Work order: Every line from the one with "次世代ADASは、カーナビで" through the final line of the data below goes in the answer, copied exactly. Pictures do not.

Input data:
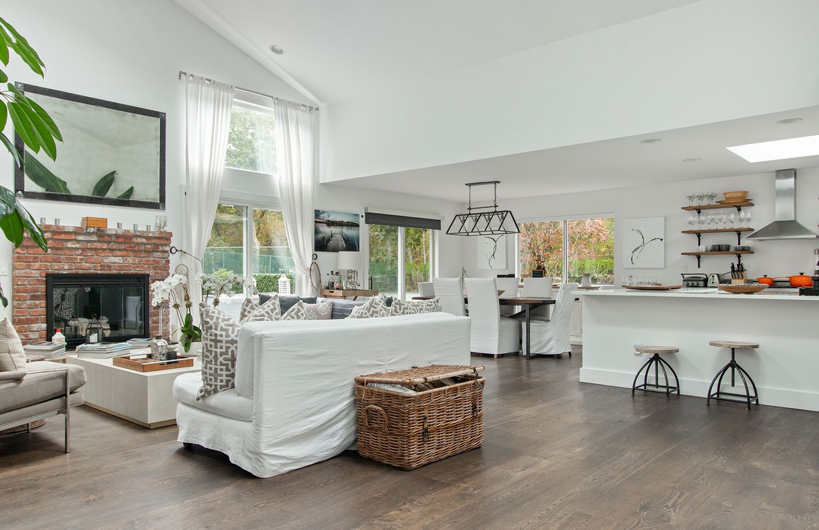 Close to Atlantic Ocean beaches in convenient East Quogue, this residence offers all amenity favorites including Pool, Tennis, 1.84 +/- acres of lush grounds, and an open floor plan with soaring vaulted ceilings in the spacious great room with fireplace. The 3000 square foot home provides 5 bedrooms and 4 full baths. With wide plank hardwood or ceramic tile flooring throughout, the home is bright, airy and flooded with brilliant light from lar
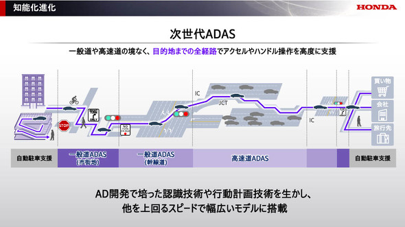 次世代ADASは、カーナビで目的地を設定すると、一般道/高速道路を問わず目的地までの全経路で運転操作を支援する。交通参加者が多様で交差点での右左折が頻繁に発生する市街地への対応では、自動運転システムの開発で培った認識技術や行動計画技術を生かす。
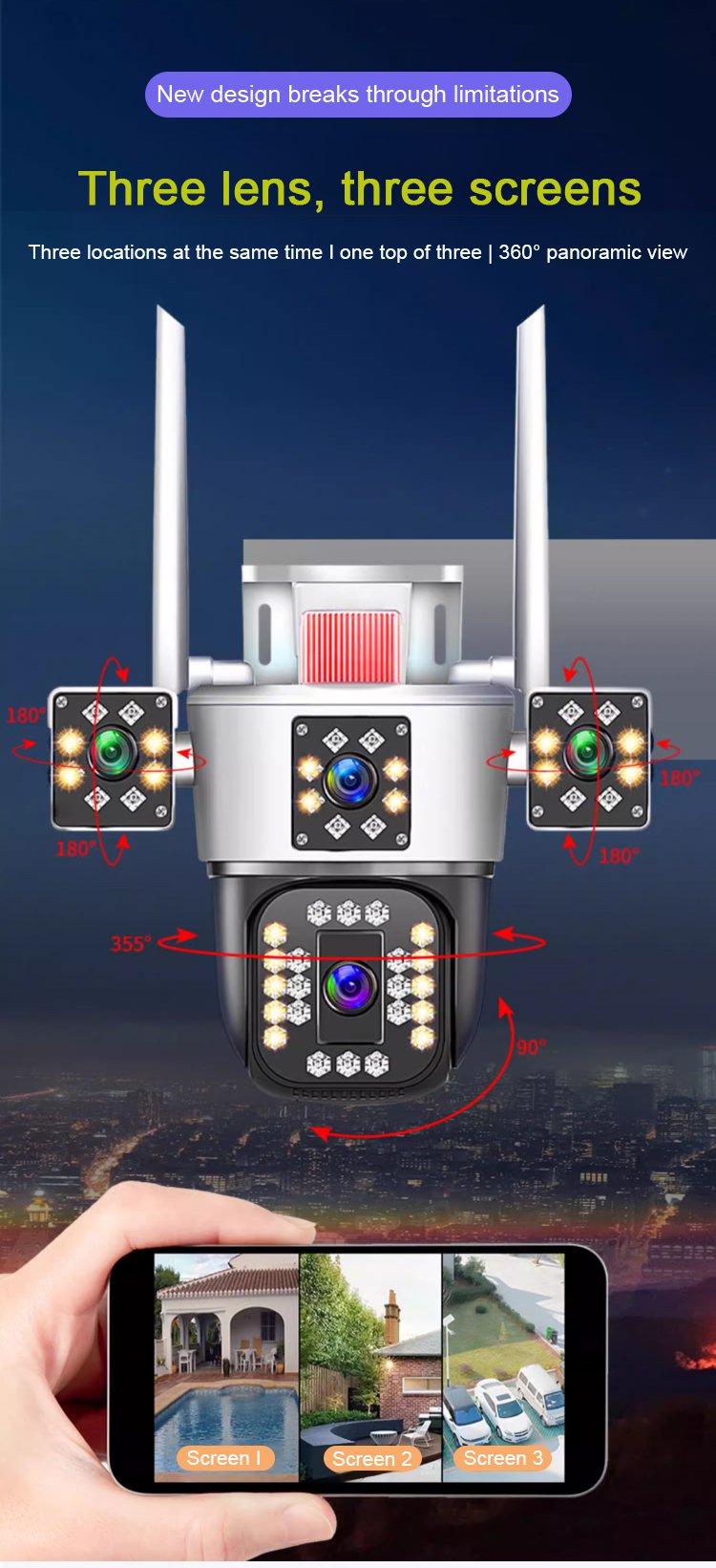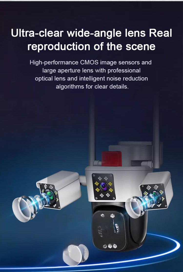 360-degree 10x zoom triple-screen HD night vision camera
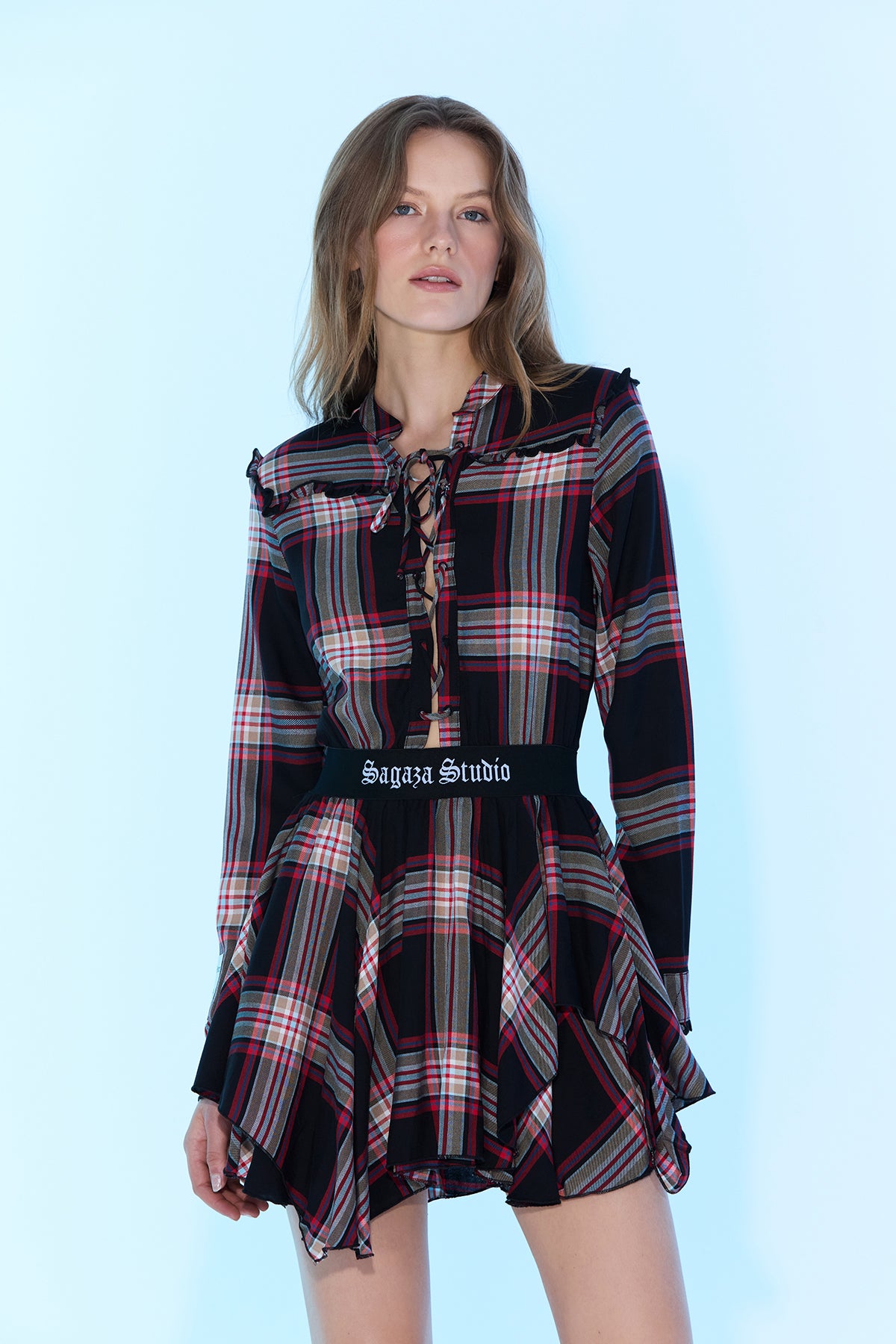 SAGAZA LOGO LASTİK DETAYLI, EKOSE DESENLİ , UZUN KOLLU MİNİ ELBİSE.; MODEL BOYU:1.78 CM MODEL BEDENİ: 34 MODELİN ÖLÇÜLERİ: GÖĞÜS:92 CM BEL: 60 CM BASEN:91 CM DİR.; OMUZDAN BOY: 75 CM GÖGÜS:31 CM BEL:27CM BASEN:53 CM %100 VİSCON

Solution:
 次世代ADASは、カーナビで目的地を設定すると、一般道/高速道路を問わず目的地までの全経路で運転操作を支援する。交通参加者が多様で交差点での右左折が頻繁に発生する市街地への対応では、自動運転システムの開発で培った認識技術や行動計画技術を生かす。
 360-degree 10x zoom triple-screen HD night vision camera
 SAGAZA LOGO LASTİK DETAYLI, EKOSE DESENLİ , UZUN KOLLU MİNİ ELBİSE.; MODEL BOYU:1.78 CM MODEL BEDENİ: 34 MODELİN ÖLÇÜLERİ: GÖĞÜS:92 CM BEL: 60 CM BASEN:91 CM DİR.; OMUZDAN BOY: 75 CM GÖGÜS:31 CM BEL:27CM BASEN:53 CM %100 VİSCON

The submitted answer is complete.